News

IP Address Configuration with Hyper-V: Pro Tip

I recently resurrected my old Slackware based email server project and decided that instead of handling all of my email the server would act as a spam proxy and forward all the good email to my commercial server.  My hosting situation only allows me one physical machine and for this to work I needed to run Slackware virtually and route the messages internally.

As some of you may be aware when dealing with a co-located server you are given a block of IP addresses that are then bound to the NIC so you can assign them to IIS, Email, FTP etc..  For this project I wanted to bind my new VM to an unused IP address and then route email between the machines using DNS. 

Sounds simple enough, I prepared my new Slackware VM offline and then uploaded it to the server.  From there I created the virtual machine and attached the new VHD (virtual hard drive) and all appeared to be good.  The problem was I could ping and access external websites however, I was unable to ping the host machine.  The host machine could ping the guest however it couldn’t access any resources on the guest.  I tried pulling up a web application on the guest machine and got the "server cannot be contacted" message.  I then tried accessing a SAMBA share and was prompted for a login and password.

It was almost like the machine was there but it wasn’t on the same network.

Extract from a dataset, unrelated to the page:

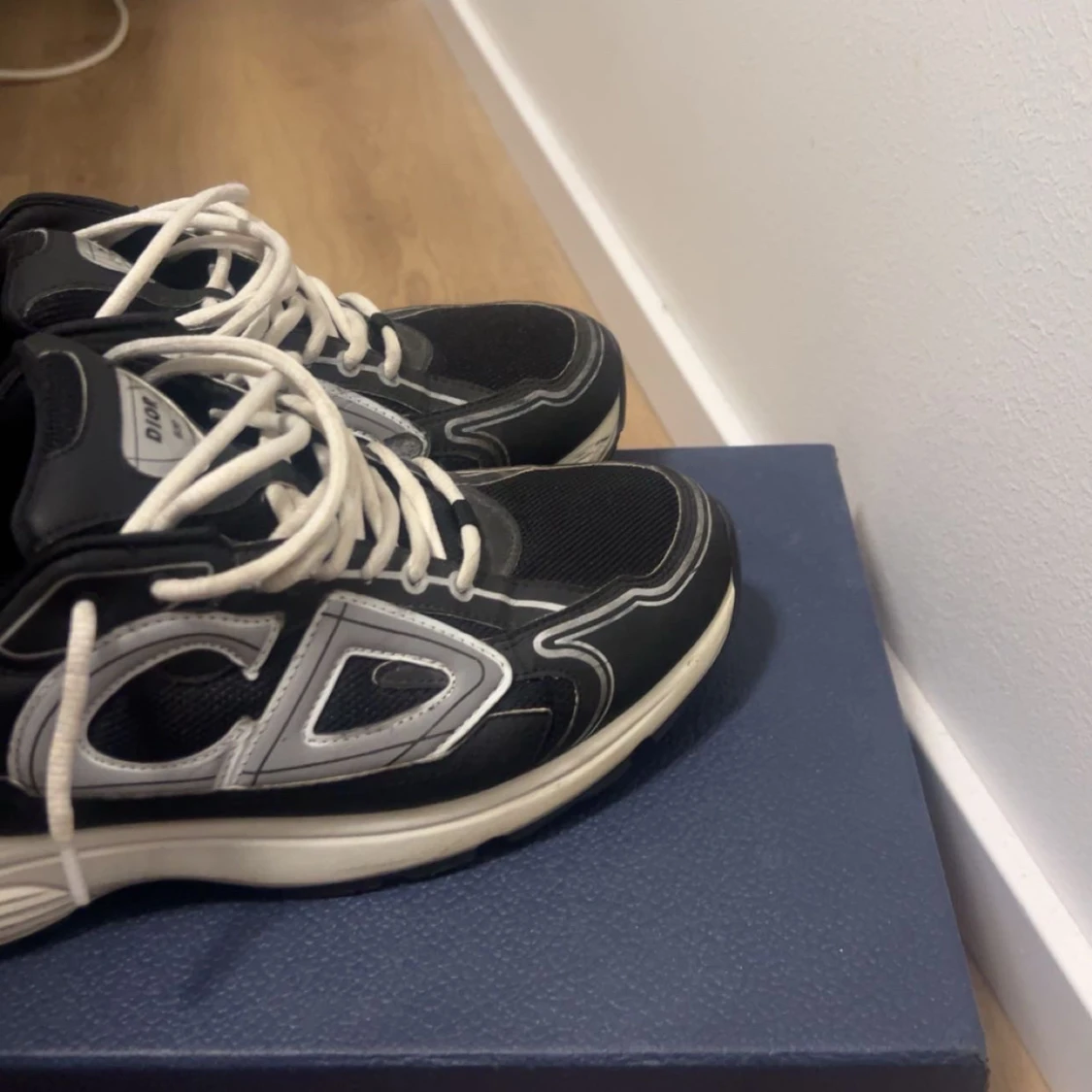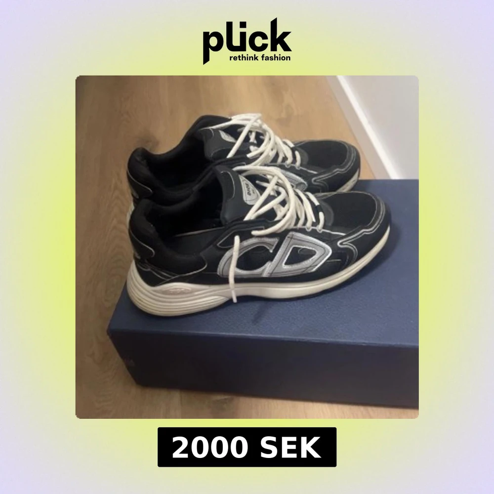 Snygga svarta Dior sneakers med vita snören och kontrasterande vita detaljer. Skorna har en chunky sula och stora CD-loggor på sidan. Ovandelen är i en mix av skinn och textil för en modern look. Perfekta för dig som vill sticka ut med exklusiva sneakers. Box och skosnören kommer med

I checked ifconfig on the Slackware VM and it was hard coded to the address I wanted and DNS was setup correctly and would resolve external sites such as google.com but wouldn’t resolve hardwareasylum.com which was hosted on the host machine.

It was around this time that I started hitting Google looking for a solution and could not find anything related to my particular situation.  In fact most people were complaining they could ping the guest machine but the guest couldn’t get out.  Of course the solution for that is to setup your virtual network to use a physical NIC and that will allow you to access more than just the local machine.  My system was setup that way and I checked and rechecked it many times.

I was about to give up until I tried one final thing.

In the situation where you are running a Hyper-V VM and the guest (VM) can access external sites but cannot contact the host and when the host machine cannot access the guest machine.

Unbind the Guest (VM) IP address from the physical NIC on the Host machine. 

As it turns out there was an IP conflict but, it wasn’t getting recorded in the event logs or preventing the guest machine from accessing the Internet.  When the host machine tried to access the guest it was getting confused as to what IP address to use and I suspect was using the instance that was bound to the physical NIC and not the one running internally on the Guest VM.